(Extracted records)
===

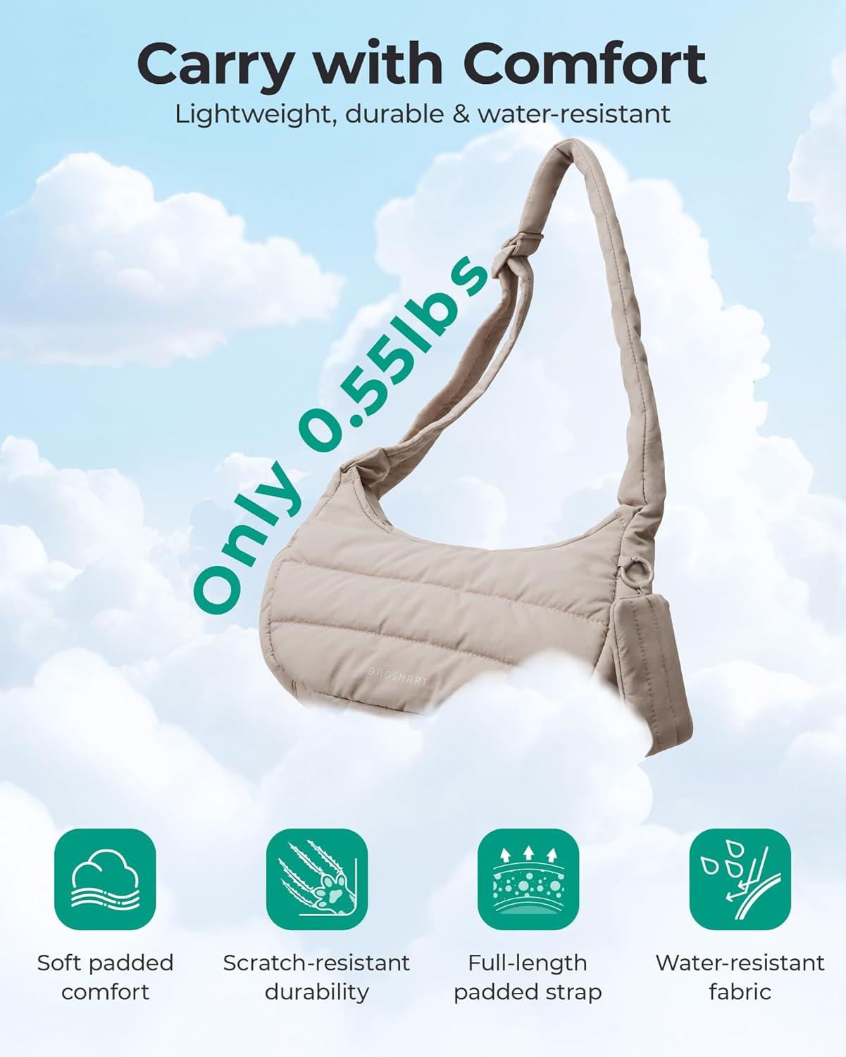 BAGSMART Shoulder Bag for Women Small Puffer Purses Crossbody Bag, Lightweight Fluffy Hobo Handbag Puffy Pouch(Pink)
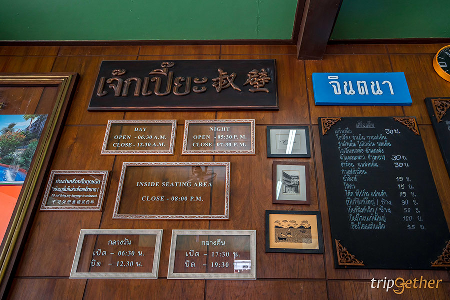 ภายในร้านเป็นแบบเปิดโล่ง มีลมพัดเข้ามาอยู่ตลอด ทำให้บรรยากาศภายในร้านเย็นสบาย นอกจากนี้ยังได้กลิ่นอายของความเก่าแก่และเสน่ห์ของวิถีชีวิตในอดีตอีกด้วย
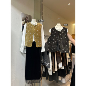 MSTUDIO漫莎-半盏山茶新中式国风撞色刺绣微闪丝绒马甲马甲c6137
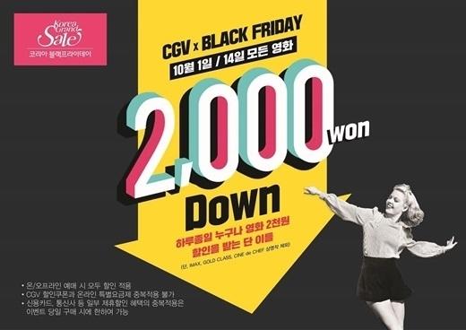 CGV 측은 1일 "코리아 블랙프라이데이를 맞아 시작일인 1일과 마지막날인 14일 이틀 동안 전국 CGV에서 2천원 영화할인 혜택을 제공한다"고 밝혔다.
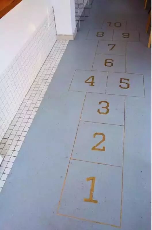 ▲一进门,就会被清水泥上的铜字吸引,“跳房子”是80小时侯都玩过的游戏,希望地上的跳房子,可以帮助我们回到童年,重新找回童真,1到10的数字,代表了这酸甜苦辣都有的10年。
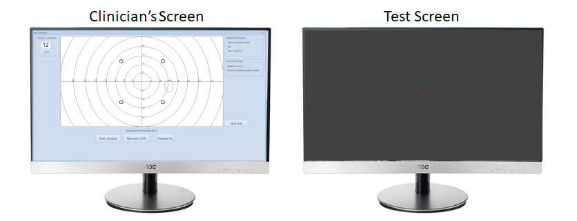 In dual screen mode (as shown below), the position of the stimuli are shown on the control screen. The examiner enters the patient's response (Seen or Not seen by clicking on the corresponding buttons). A stimulus can be re-presented by clicking on Repeat.
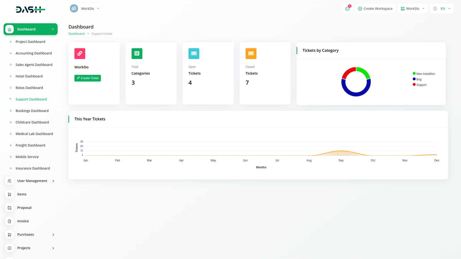 Get easy access to open and closed ticket statistics. A visual presentation of categories and a monthly generated ticket chart are presented.
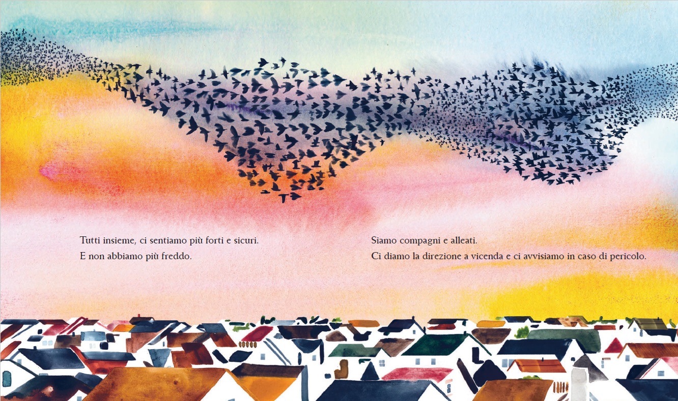 Un albo illustrato che intreccia poesia e sguardo scientifico, e restituisce la complessità e la bellezza del movimento collettivo, là dove migliaia di individui diventano un unico gesto.
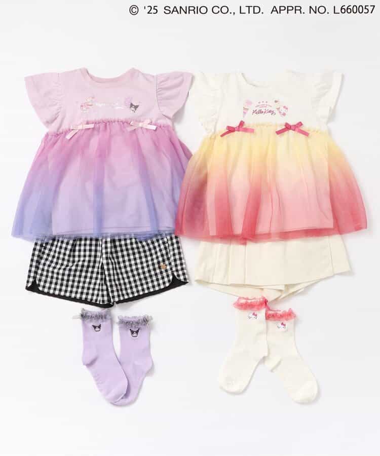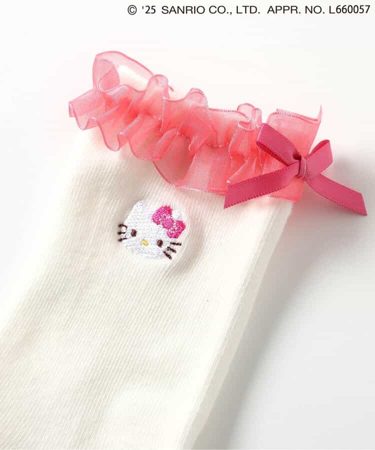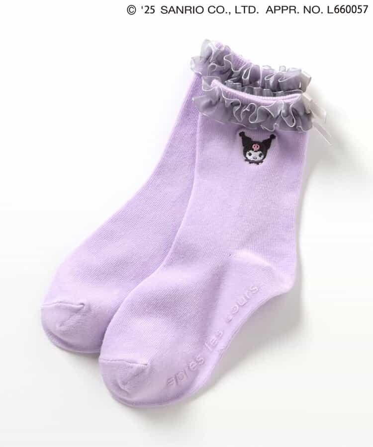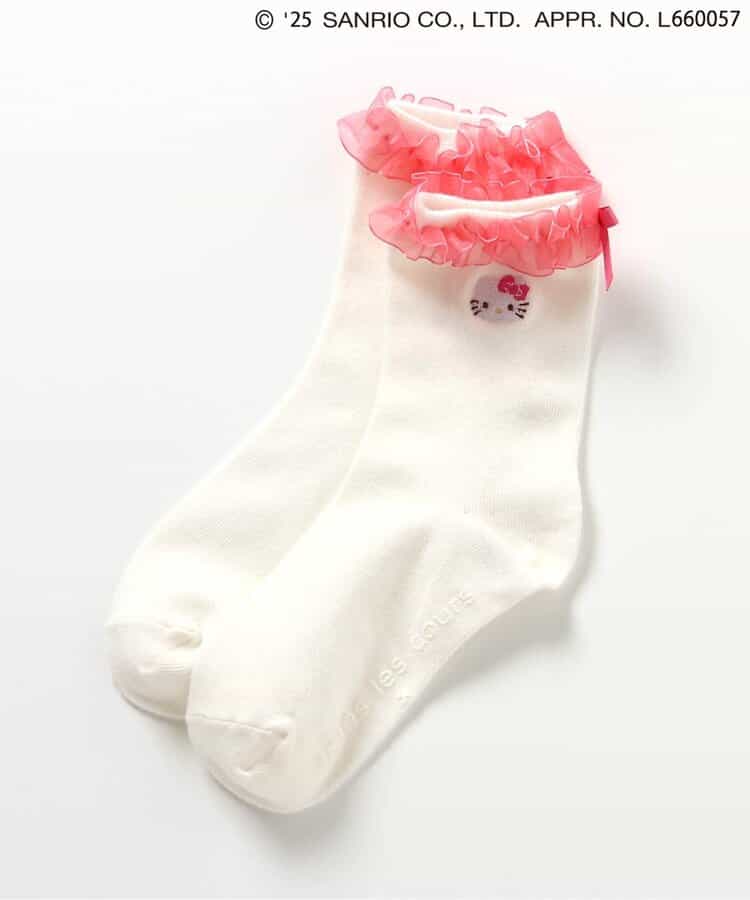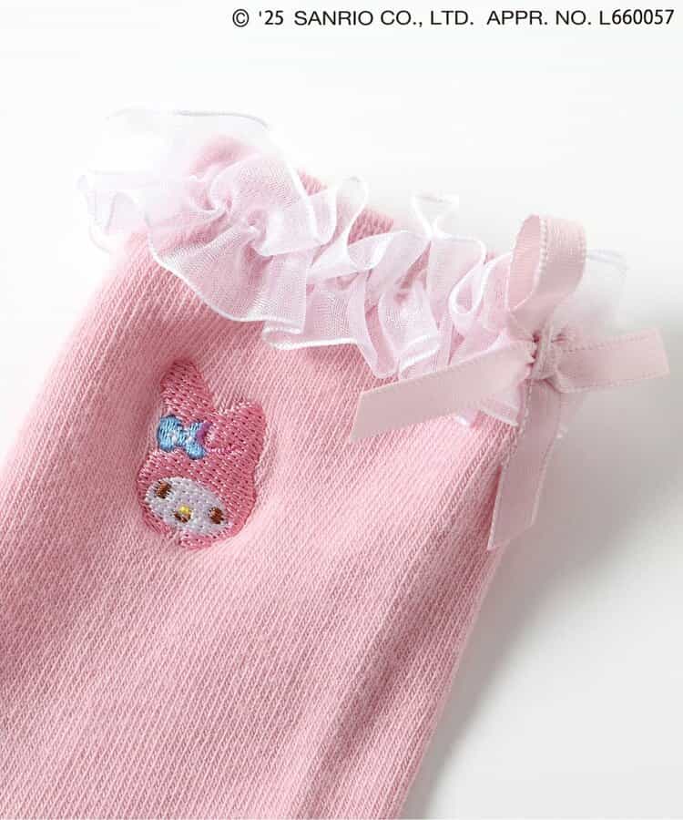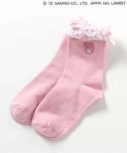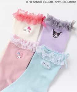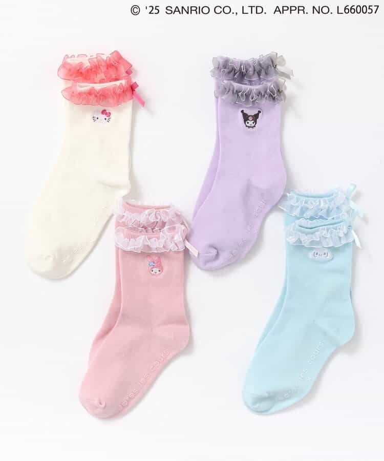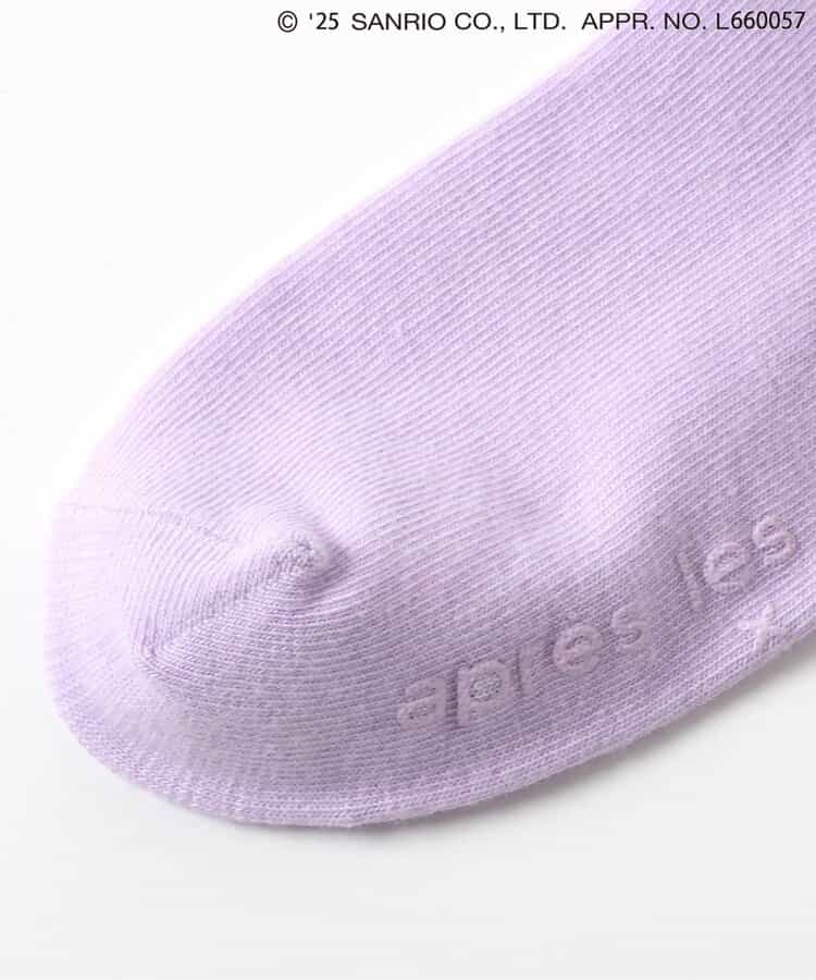 【4/4(金) 10:00~発売予定】≪子供服 apres les coursの「サンリオキャラクターズ」コレクション≫ 足口のフリルとキャラクターの刺繍が施された、とってもキュートなソックス♪ キャラクターに合わせたカラーがポイント。 後ろにリボンがついているのでバックスタイルもかわいい! かわいさが詰まったソックスはデイリーにもおでかけにもおすすめ◎靴下のSS・S・10-12cm・13-15cm、タイツの70-80cm・80-90cm・90-100cmには基本的に靴下に滑り止め加工がございます。(一部除外あり)
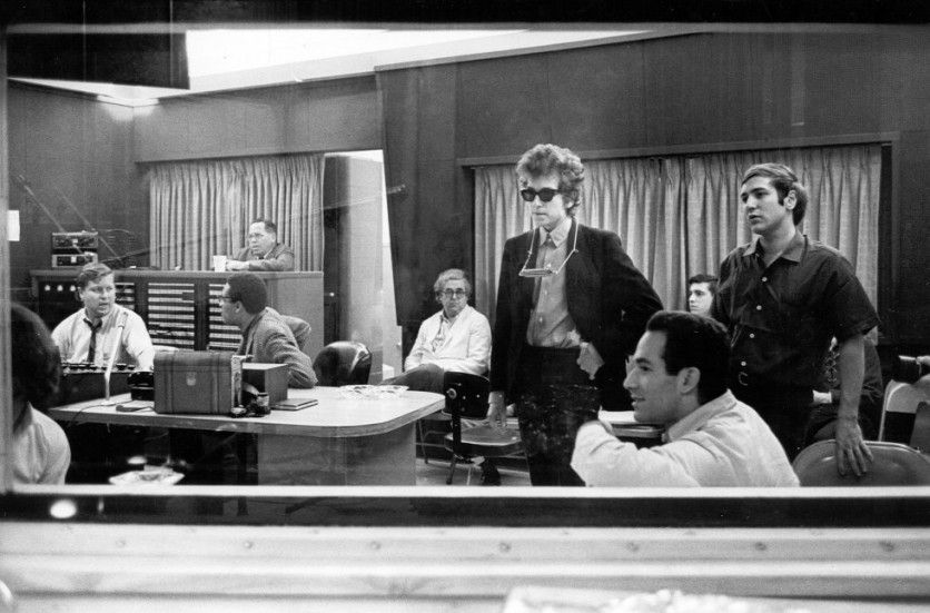 Dylan editó en un solo año, 1965, dos discos considerados obras maestras y tremendamente influyentes: 'Bringing It All Back Home' y 'Highway 61 Revisited'. Esta imagen corresponde a la grabación del segundo. Como se aprecia, en aquella época no se quitaba las gafas de sol para nada. A la derecha del cantante, sentado, con camisa blanca está Albert Grossman, su temible manager, ángel y diablo en esta historia. Grossman, del que se decía que "no distinguía una canción de una caca de perro", abrió muchas puertas al cantante y ayudó a convertirlo en una estrella. Pero acabaron en 1970 cuando Dylan descubrió que se llevaba el 50% de los derechos de algunas canciones. Más tarde fue Grossman el que denunció al músico. No era la primera vez que un artista y su representante acaban a dentelladas, pero esta fue una de las más cruentas: después de años de disputas legales, Grossman, estresado por el acoso de los implacables abogados de Dylan (según dijo luego su mujer, Sally Grossman) sufrió un ataque al corazón en 1986 y murió en pleno vuelo mientras viajaba a Londres. Tenía 59 años. Dylan siguió adelante con el juicio MICHAEL OCHS ARCHIVES
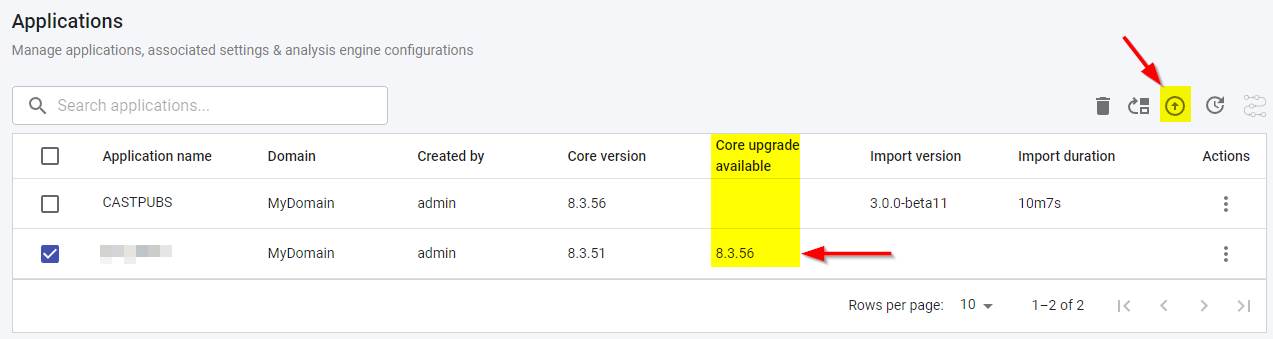 Use the icon highlighted in the image at the top of this page, or use the Upgrade Application option:

===

Each line from the one that contains "Get easy access" down to the one that contains "10:00~発売予定】≪子供服 apres les" is to be returned exactly as it stands above, both ends included, with pictures removed.

SOLVED EXERCISE -
 Get easy access to open and closed ticket statistics. A visual presentation of categories and a monthly generated ticket chart are presented.
 Un albo illustrato che intreccia poesia e sguardo scientifico, e restituisce la complessità e la bellezza del movimento collettivo, là dove migliaia di individui diventano un unico gesto.
 【4/4(金) 10:00~発売予定】≪子供服 apres les coursの「サンリオキャラクターズ」コレクション≫ 足口のフリルとキャラクターの刺繍が施された、とってもキュートなソックス♪ キャラクターに合わせたカラーがポイント。 後ろにリボンがついているのでバックスタイルもかわいい! かわいさが詰まったソックスはデイリーにもおでかけにもおすすめ◎靴下のSS・S・10-12cm・13-15cm、タイツの70-80cm・80-90cm・90-100cmには基本的に靴下に滑り止め加工がございます。(一部除外あり)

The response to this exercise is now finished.